Input records:
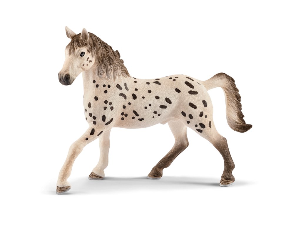 Žrebce z plemien Knabstrupper a Appaloosa sú si veľmi podobní, obe plemená totiž majú na srsti škvrny. Obe tieto plemená sa však vyvíjala na sebe nezávisle. Domovom plemena Knabstrupper je Dánsko, zatiaľ čo Appaloosa pochádza z USA. Knabstrupper sú obľúbení vďaka svojmu sfarbenia, ale sú to aj talentovaní koňa pre drezúru. Zábavný fakt: Kone Knabstrupper sú vhodní pre vysokú školu a s ľahkosťou zvládajú všetky úlohy drezúry. Figúrky Schleich sú mimoriadne detailné, láskyplne maľované a umožňujú deťom hrať sa a zároveň sa učiť. Rozmer: 14 x 5,3 x 10,4 cm. Nevhodné pre deti do 3 rokov. Odporúčaný vek: 5-12
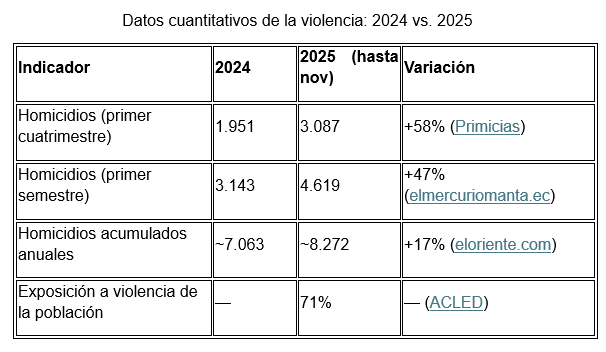 - Ministerio del Interior del Ecuador. (2025). Estadísticas de homicidios intencionales y criminalidad organizada. Gobierno del Ecuador.
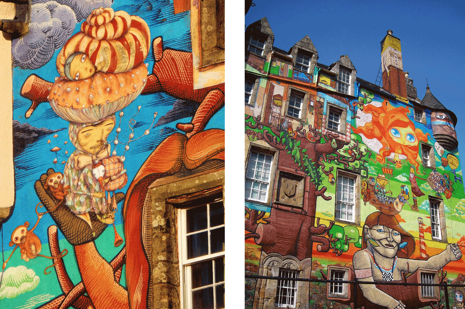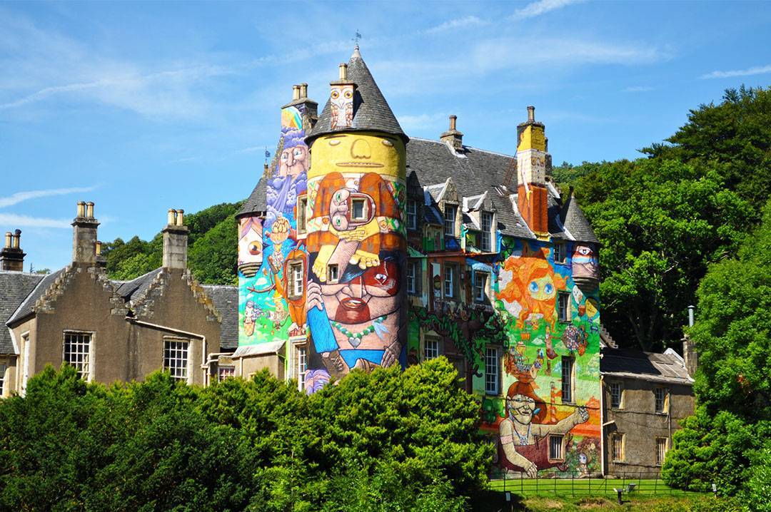 Описание и история: замок Кельбурн был построен в XIII веке, неудивительно, что к 2007 году ему требовалась серьёзная реконструкция. Владелец замка, граф Патрик Бойл (граф Глазго), предложил государству оригинальную идею — разрисовать фасад задмка — и пригласил знаменитых уличных художников.
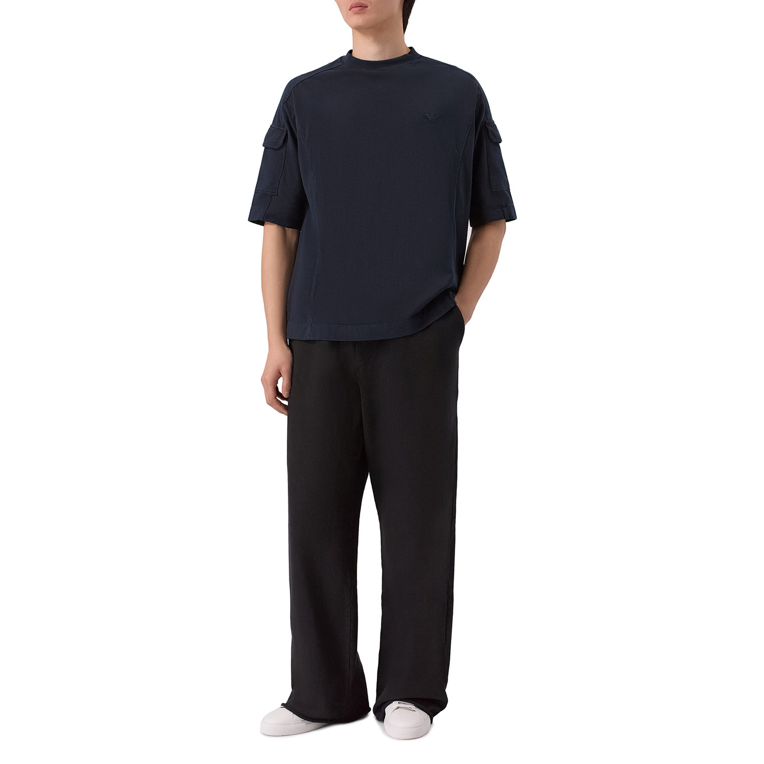 Armani/阿玛尼EA 男士刺绣鹰标宽松短袖T恤 EM004910 AF13715
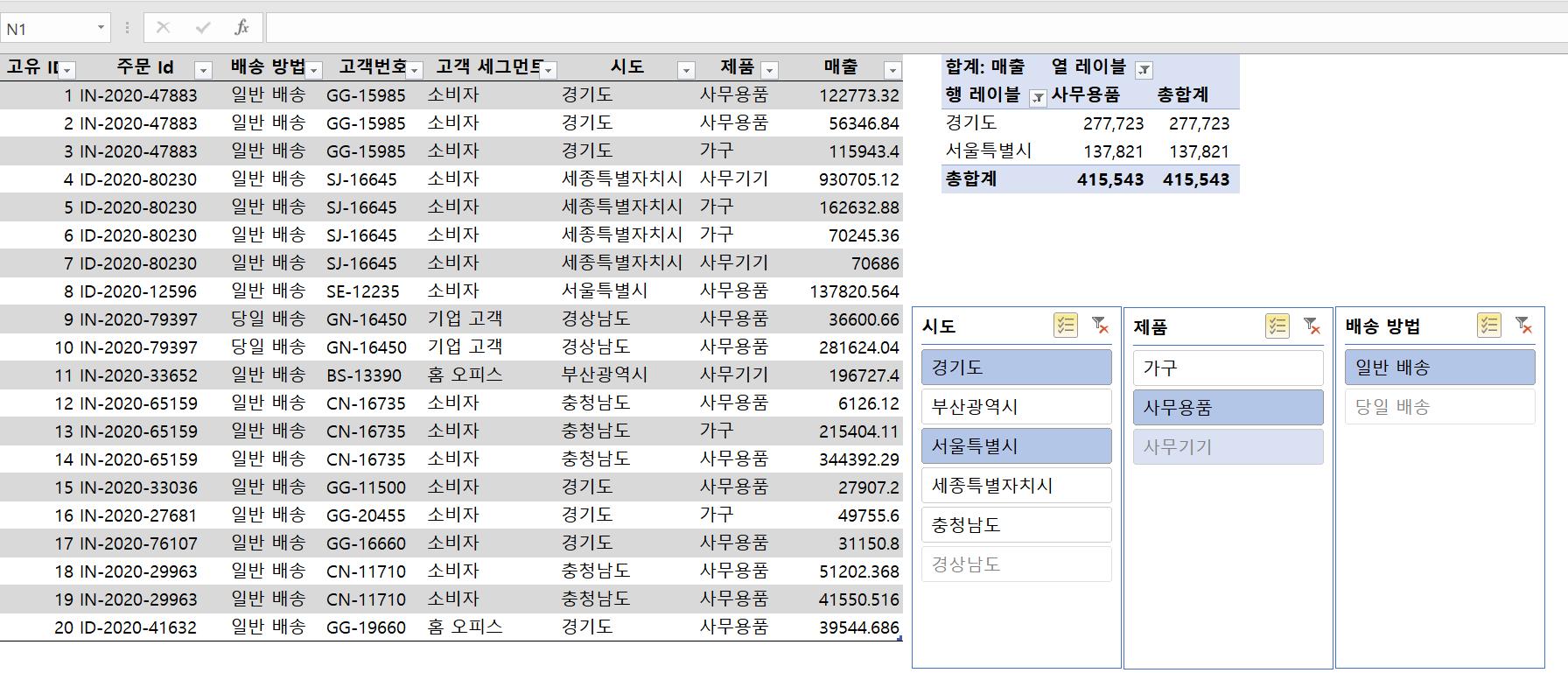 - 함께 관리하면 피벗 테이블 사용이 어려워진다.
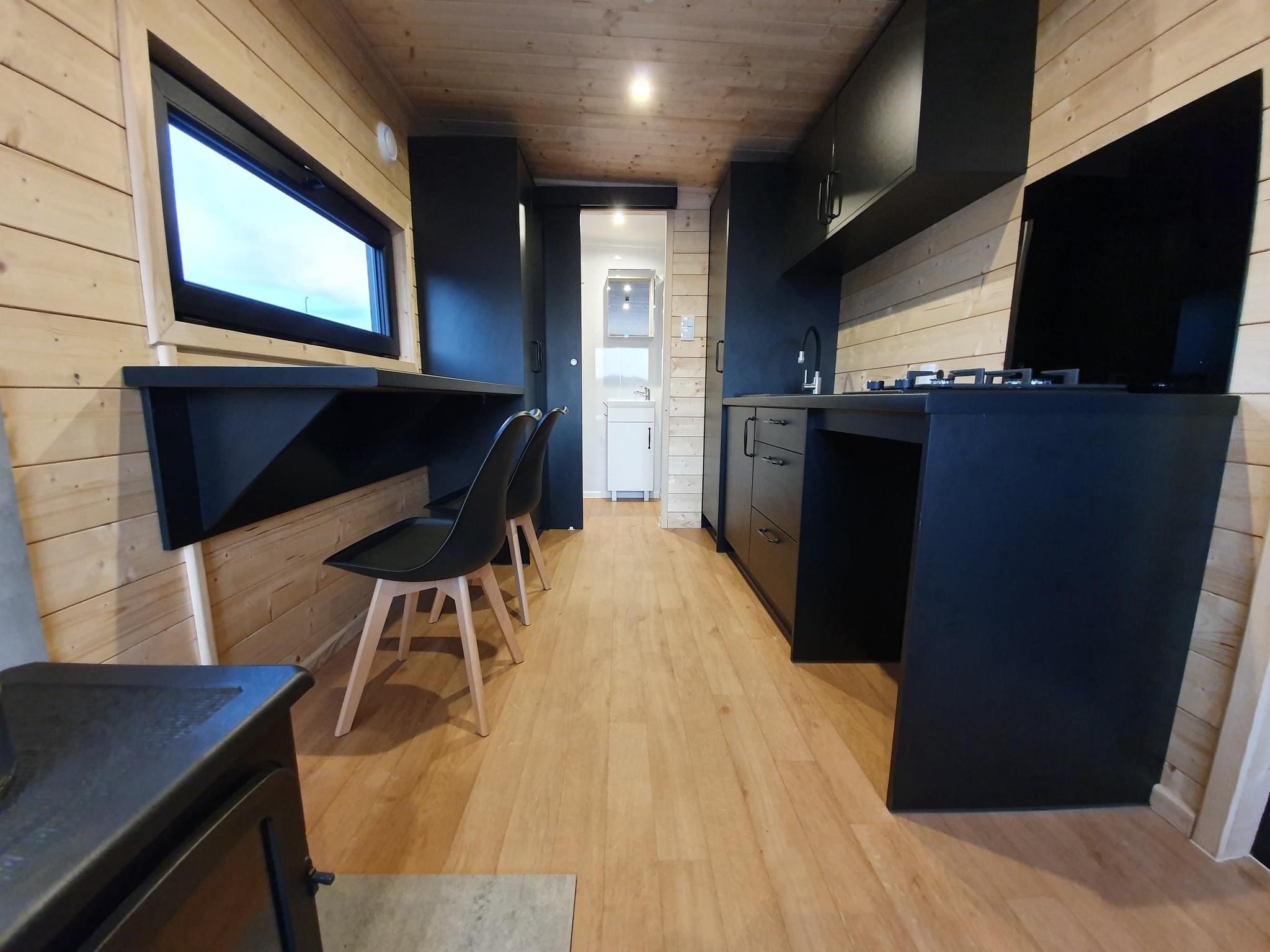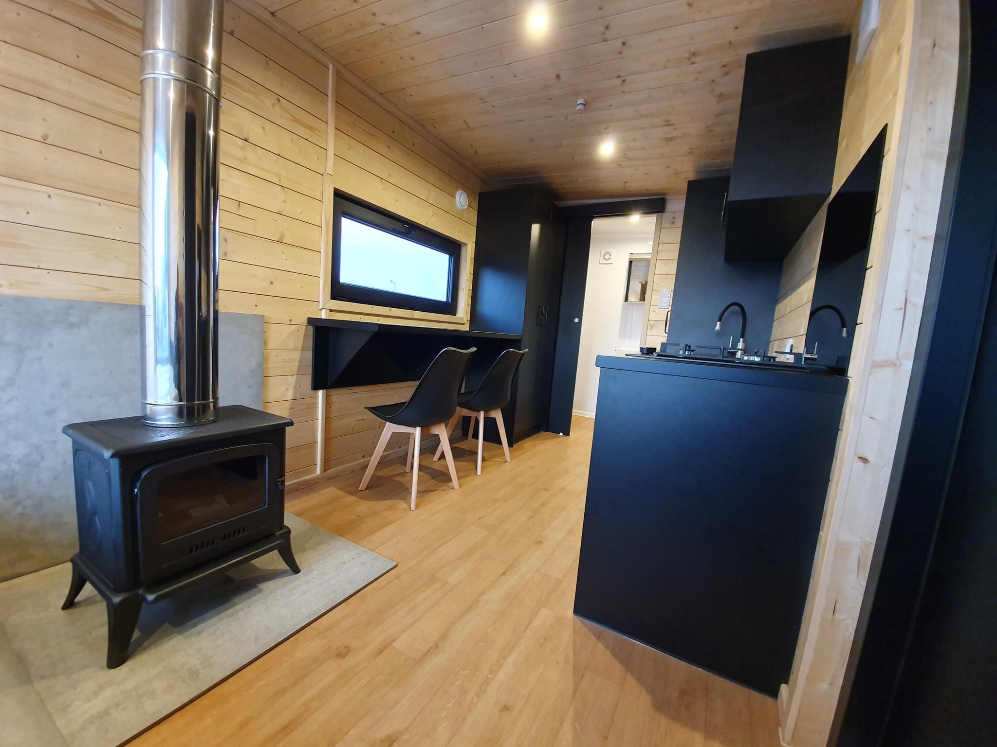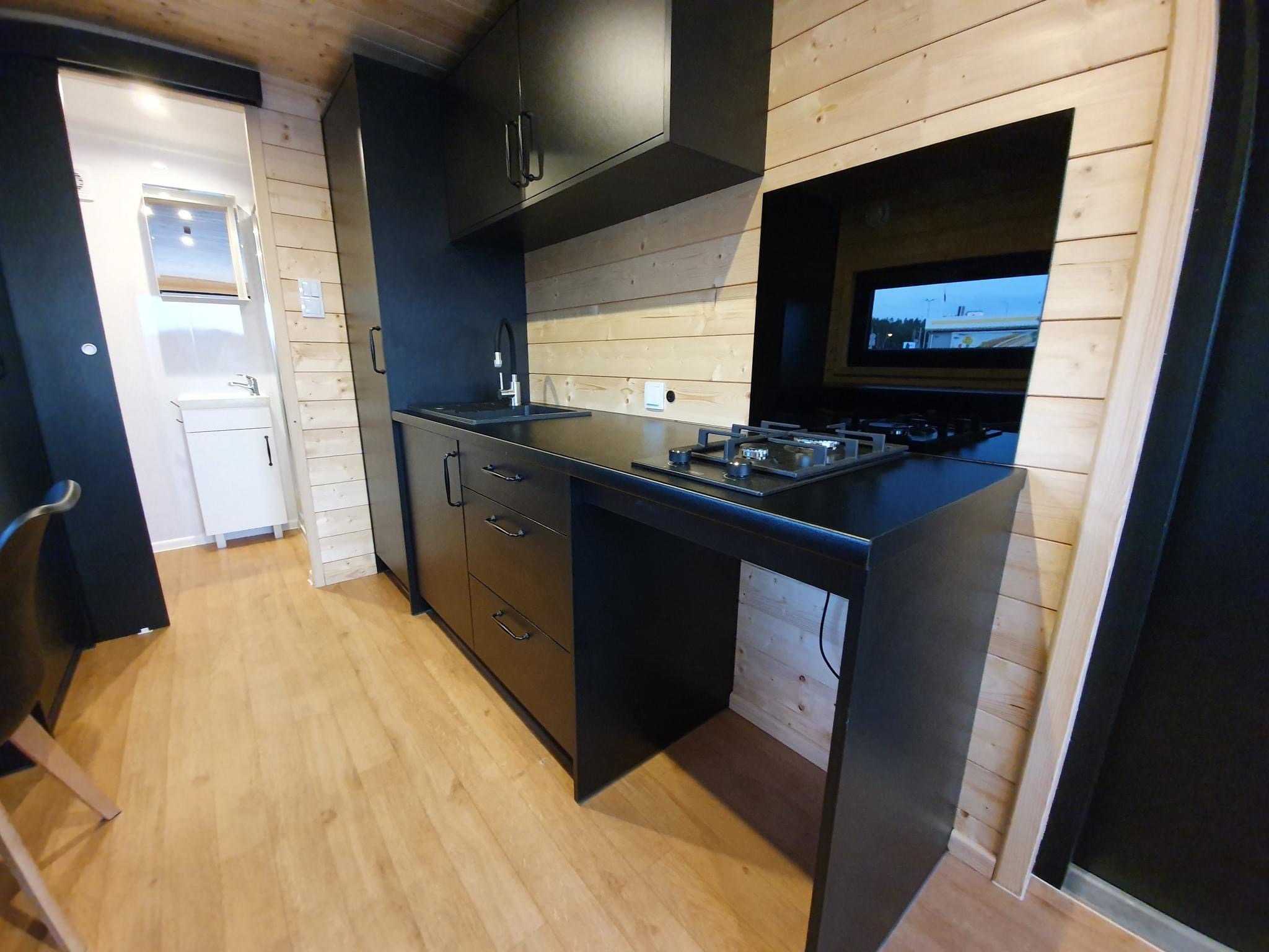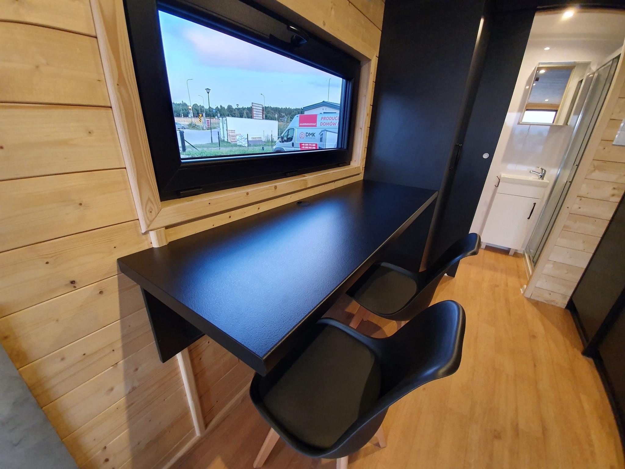 La costruzione in acciaio e legno, ruote complete, gancio di traino per il trasporto, impermeabilizzante, barriera al vapore, barriera antivento, 15 cm di lana minerale nel pavimento e nel sottotetto, 10 cm circa di lana minerale nelle pareti, finestre in pvc a 6 camere con doppi vetri, portefinestre con montante mobile, ventilatori che garantiscono la circolazione dell’aria, davanzali interni in pvc, davanzali esterni in lamiera, telai delle porte regolabili, porte interne in impiallacciato, porta esterna in acciaio con soglia e riempimento fatto di lana di roccia, impianto idraulico, elettrico, di ventilazione completo e l’impianto rtv, interruttori, prese, spine / manometri, coperture in lamiera d’acciaio, grondaie in pvc, pavimento rifinito con rivestimento in lvt resistente all’abrasione, ventilazione meccanica in bagno e cucina, l’interno è rifinito con pannelli e listelli in PVC, la facciata esterna è realizzata con il pannello VinyTOP, illuminazione interna a LED, illuminazione da esterno a LED (da 6 a 10 punti luce), prese rtv con cavo antenna portato all’esterno della casa, il fondo della casa è protetto con una lamiera di acciaio zincato

The task: Please give all of the data again, exact and free of pictures.

Result of the task:
 Žrebce z plemien Knabstrupper a Appaloosa sú si veľmi podobní, obe plemená totiž majú na srsti škvrny. Obe tieto plemená sa však vyvíjala na sebe nezávisle. Domovom plemena Knabstrupper je Dánsko, zatiaľ čo Appaloosa pochádza z USA. Knabstrupper sú obľúbení vďaka svojmu sfarbenia, ale sú to aj talentovaní koňa pre drezúru. Zábavný fakt: Kone Knabstrupper sú vhodní pre vysokú školu a s ľahkosťou zvládajú všetky úlohy drezúry. Figúrky Schleich sú mimoriadne detailné, láskyplne maľované a umožňujú deťom hrať sa a zároveň sa učiť. Rozmer: 14 x 5,3 x 10,4 cm. Nevhodné pre deti do 3 rokov. Odporúčaný vek: 5-12
 - Ministerio del Interior del Ecuador. (2025). Estadísticas de homicidios intencionales y criminalidad organizada. Gobierno del Ecuador.
 Описание и история: замок Кельбурн был построен в XIII веке, неудивительно, что к 2007 году ему требовалась серьёзная реконструкция. Владелец замка, граф Патрик Бойл (граф Глазго), предложил государству оригинальную идею — разрисовать фасад задмка — и пригласил знаменитых уличных художников.
 Armani/阿玛尼EA 男士刺绣鹰标宽松短袖T恤 EM004910 AF13715
 - 함께 관리하면 피벗 테이블 사용이 어려워진다.
 La costruzione in acciaio e legno, ruote complete, gancio di traino per il trasporto, impermeabilizzante, barriera al vapore, barriera antivento, 15 cm di lana minerale nel pavimento e nel sottotetto, 10 cm circa di lana minerale nelle pareti, finestre in pvc a 6 camere con doppi vetri, portefinestre con montante mobile, ventilatori che garantiscono la circolazione dell’aria, davanzali interni in pvc, davanzali esterni in lamiera, telai delle porte regolabili, porte interne in impiallacciato, porta esterna in acciaio con soglia e riempimento fatto di lana di roccia, impianto idraulico, elettrico, di ventilazione completo e l’impianto rtv, interruttori, prese, spine / manometri, coperture in lamiera d’acciaio, grondaie in pvc, pavimento rifinito con rivestimento in lvt resistente all’abrasione, ventilazione meccanica in bagno e cucina, l’interno è rifinito con pannelli e listelli in PVC, la facciata esterna è realizzata con il pannello VinyTOP, illuminazione interna a LED, illuminazione da esterno a LED (da 6 a 10 punti luce), prese rtv con cavo antenna portato all’esterno della casa, il fondo della casa è protetto con una lamiera di acciaio zincato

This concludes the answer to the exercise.